Abhisesh Silwal, Francisco Yandun, Anjana Nellithimaru et al.

Dormant season grapevine pruning requires skilled seasonal workers during the winter season which are becoming less available. As workers hasten to prune more vines in less time amid to the short-term seasonal hiring culture and low wages, vines are often pruned inconsistently leading to imbalanced grapevines. In addition to this, currently existing mechanical methods cannot selectively prune grapevines and manual follow-up operations are often required that further increase production cost. In this paper, we present the design and field evaluation of a rugged, and fully autonomous robot for end-to-end pruning of dormant season grapevines. The proposed design incorporates novel camera systems, a kinematically redundant manipulator, a ground robot, and novel algorithms in the perception system. The presented research prototype robot system was able to spur prune a row of vines from both sides completely in 213 sec/vine with a total pruning accuracy of 87%. Initial field tests of the autonomous system in a commercial vineyard have shown significant variability reduction in dormant season pruning when compared to mechanical pre-pruning trials. The design approach, system components, lessons learned, future enhancements as well as a brief economic analysis are described in the manuscript.

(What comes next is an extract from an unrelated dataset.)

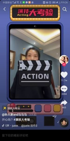 1、将自己的演技考验过程录制成视频分享到朋友圈,给别人带来更多的欢乐。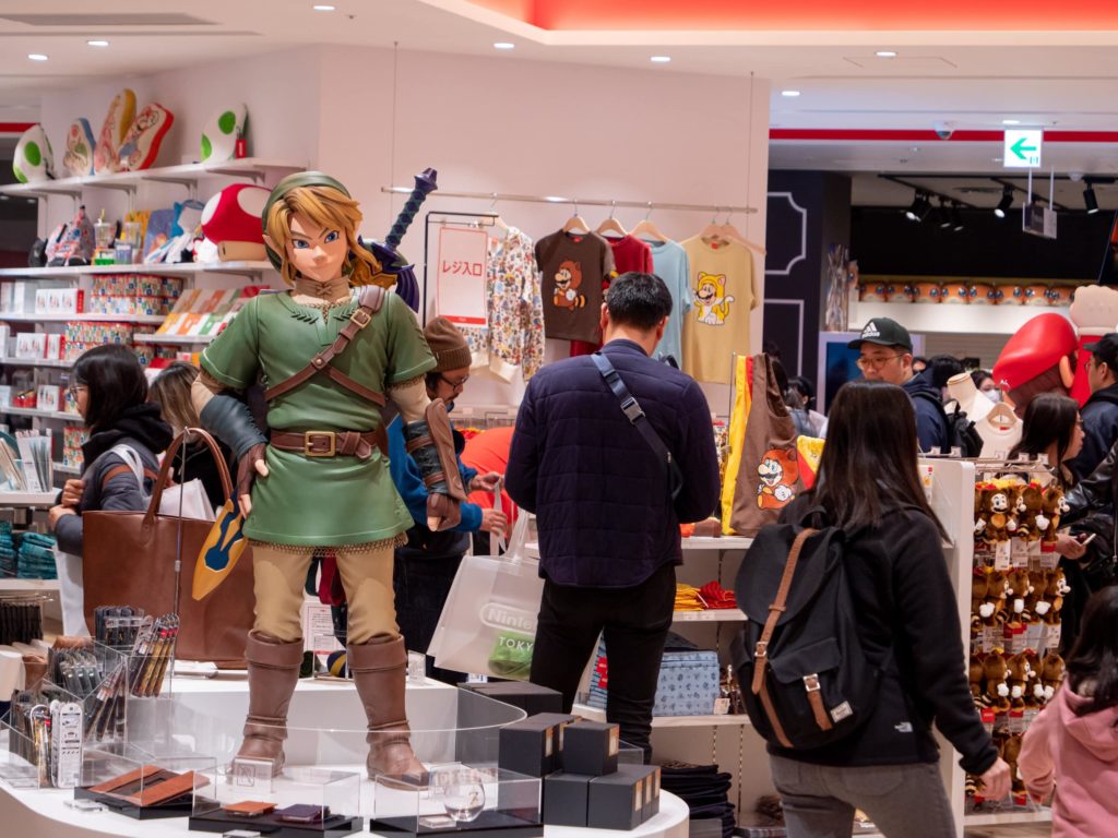 Patung-patung Zelda’s Link seukuran aslinya, Isabelle dari Animal Crossing, Inkling betina dari Splatoon, dan tentu saja Mario, dikelilingi oleh barang-barang spesial yang tidak bisa Anda dapatkan di tempat lain. Lebih baik kosongkan rekening bank Anda dan bawa koper ekstra besar.

Abhisesh Silwal, Tanvir Parhar, Francisco Yandun et al.

Object detection and semantic segmentation are two of the most widely adopted deep learning algorithms in agricultural applications. One of the major sources of variability in image quality acquired in the outdoors for such tasks is changing lighting condition that can alter the appearance of the objects or the contents of the entire image. While transfer learning and data augmentation to some extent reduce the need for large amount of data to train deep neural networks, the large variety of cultivars and the lack of shared datasets in agriculture makes wide-scale field deployments difficult. In this paper, we present a high throughput robust active lighting-based camera system that generates consistent images in all lighting conditions. We detail experiments that show the consistency in images quality leading to relatively fewer images to train deep neural networks for the task of object detection. We further present results from field experiment under extreme lighting conditions where images without active lighting significantly lack to provide consistent results. The experimental results show that on average, deep nets for object detection trained on consistent data required nearly four times less data to achieve similar level of accuracy. This proposed work could potentially provide pragmatic solutions to computer vision needs in agriculture.